• PROVIDED DATA:
--- START ---

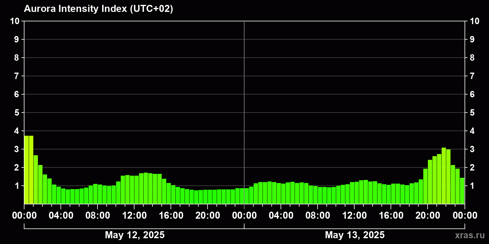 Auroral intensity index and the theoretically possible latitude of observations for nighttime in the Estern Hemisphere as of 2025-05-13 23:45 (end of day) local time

--- END ---
--- START ---

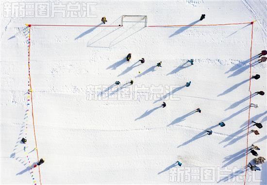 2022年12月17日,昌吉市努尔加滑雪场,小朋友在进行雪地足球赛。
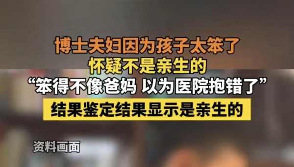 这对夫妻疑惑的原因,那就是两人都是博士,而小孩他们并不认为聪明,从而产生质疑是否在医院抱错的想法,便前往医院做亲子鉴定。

--- END ---
--- START ---

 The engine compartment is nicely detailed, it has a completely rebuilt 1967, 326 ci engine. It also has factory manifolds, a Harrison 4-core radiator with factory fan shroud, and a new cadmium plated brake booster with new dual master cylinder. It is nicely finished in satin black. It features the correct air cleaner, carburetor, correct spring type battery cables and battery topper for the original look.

--- END ---

• WHAT THIS TASK INVOLVES: In the listing above, find the line with "2022年12月17日,昌吉市努尔加滑雪场,小朋友在进行雪地足球赛。" and the line with "这对夫妻疑惑的原因,那就是两". Set down both and every line between them, minus the pictures.

• RESPONSE TO THE EXERCISE:
 2022年12月17日,昌吉市努尔加滑雪场,小朋友在进行雪地足球赛。
 这对夫妻疑惑的原因,那就是两人都是博士,而小孩他们并不认为聪明,从而产生质疑是否在医院抱错的想法,便前往医院做亲子鉴定。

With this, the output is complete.